TASK DIRECTIONS.
Nothing but the lines from the one with "Wedding rings on" through the end of the material should be retyped, word for word and without pictures.

RECORDS FOR THIS EXERCISE.

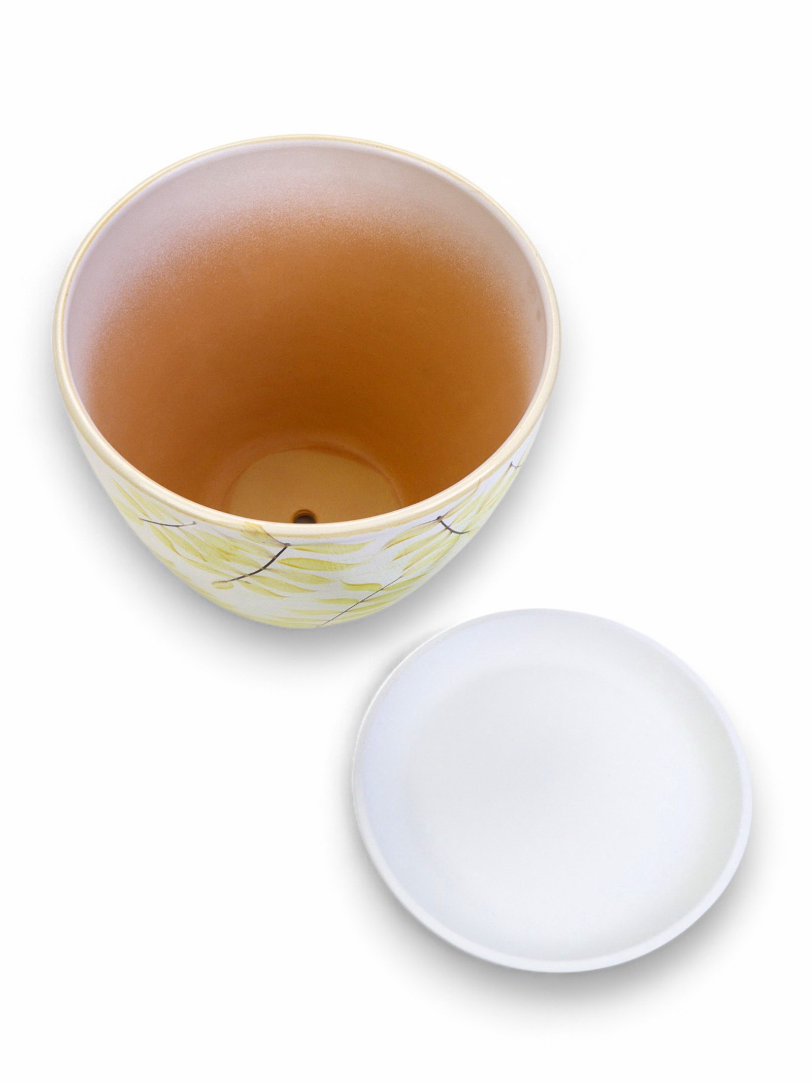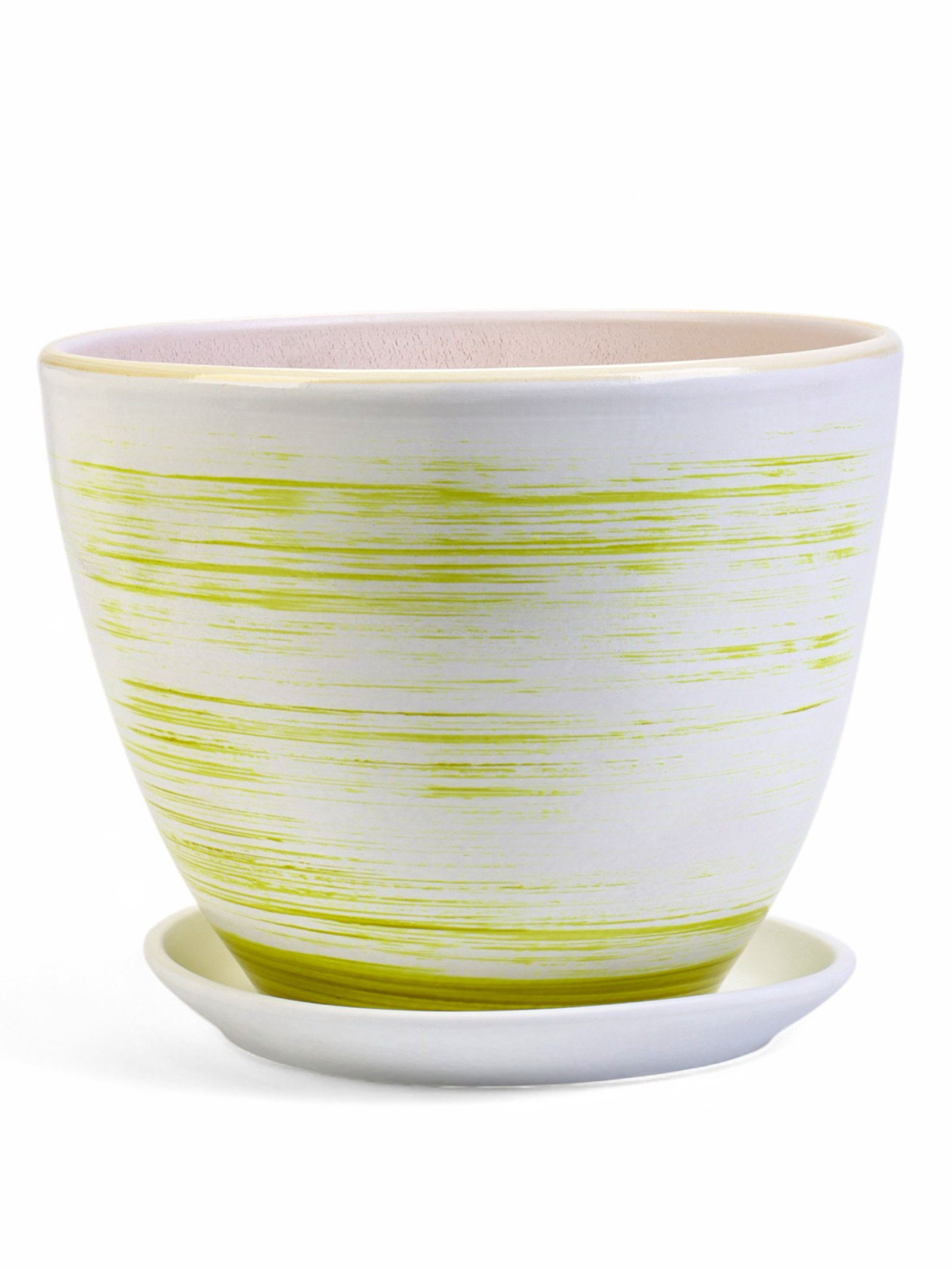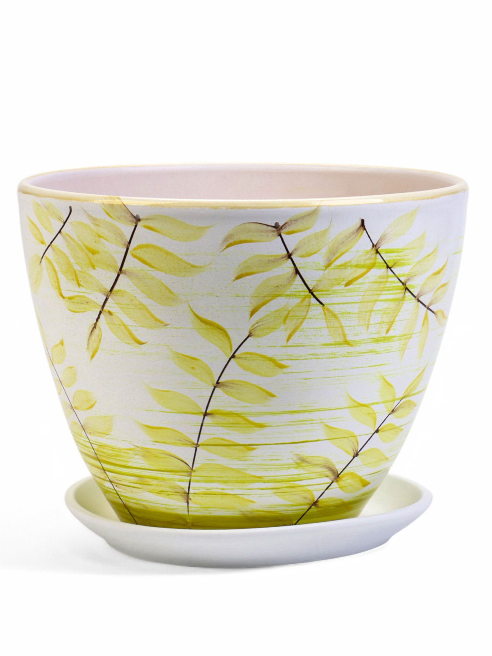 Горшок для цветов "Тропики", 8 л, d=28.5 см, h=22 см, керамика, с поддоном, белый, 28.5 см., Беларусь
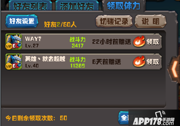 5. 好友赠送体力,每天最多可领取好友赠送的五十次体力,每次一点体力。
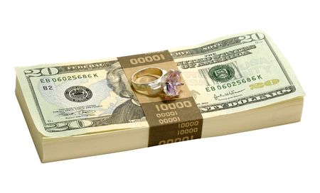 Wedding rings on a dollars sign. Expensive wedding concept. Old desk background.
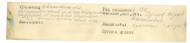 Согласно ОБД «Мемориал» Сергей Данилович Сучков служил в 71-й стрелковой дивизии, погиб под Ленинградом 15 января 1943 года, был похоронен в братской могиле. Останки его подняты 17 августа поисковиками Международного военно-исторического лагеря «Волховский фронт» на объекте «Рвы». 24 августа бойца перезахоронили с воинскими почестями на мемориале «Синявинские высоты». Поисковики разыскивают родственников героя. Если у вас есть информация о его семье, пожалуйста, сообщите в редакцию «ВВ» по телефону 32-02-69.
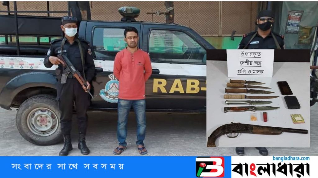 মঙ্গলবার (২ মার্চ) রাতে র্যাবের একটি বিশেষ দল উপজেলার চাতরী ইউনিয়নের উত্তর চাতরী এলাকায় অভিযান চালিয়ে তাকে প্রেফতার করা হয়। এসময় তার কাছ থেকে একটি ওয়ানশুটার গান, এক রাউন্ড গুলি, ছয়টি চাকু এবং ৩৫ পিস ইয়াবা উদ্ধার করা হয়।
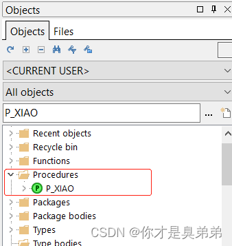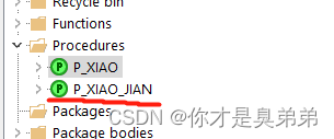 - 注意点击△执行后 会进行存储 ,Procedures 中会以P_XIAO 这个名称进行存储。

EXERCISE SOLUTION.
 Wedding rings on a dollars sign. Expensive wedding concept. Old desk background.
 Согласно ОБД «Мемориал» Сергей Данилович Сучков служил в 71-й стрелковой дивизии, погиб под Ленинградом 15 января 1943 года, был похоронен в братской могиле. Останки его подняты 17 августа поисковиками Международного военно-исторического лагеря «Волховский фронт» на объекте «Рвы». 24 августа бойца перезахоронили с воинскими почестями на мемориале «Синявинские высоты». Поисковики разыскивают родственников героя. Если у вас есть информация о его семье, пожалуйста, сообщите в редакцию «ВВ» по телефону 32-02-69.
 মঙ্গলবার (২ মার্চ) রাতে র্যাবের একটি বিশেষ দল উপজেলার চাতরী ইউনিয়নের উত্তর চাতরী এলাকায় অভিযান চালিয়ে তাকে প্রেফতার করা হয়। এসময় তার কাছ থেকে একটি ওয়ানশুটার গান, এক রাউন্ড গুলি, ছয়টি চাকু এবং ৩৫ পিস ইয়াবা উদ্ধার করা হয়।
 - 注意点击△执行后 会进行存储 ,Procedures 中会以P_XIAO 这个名称进行存储。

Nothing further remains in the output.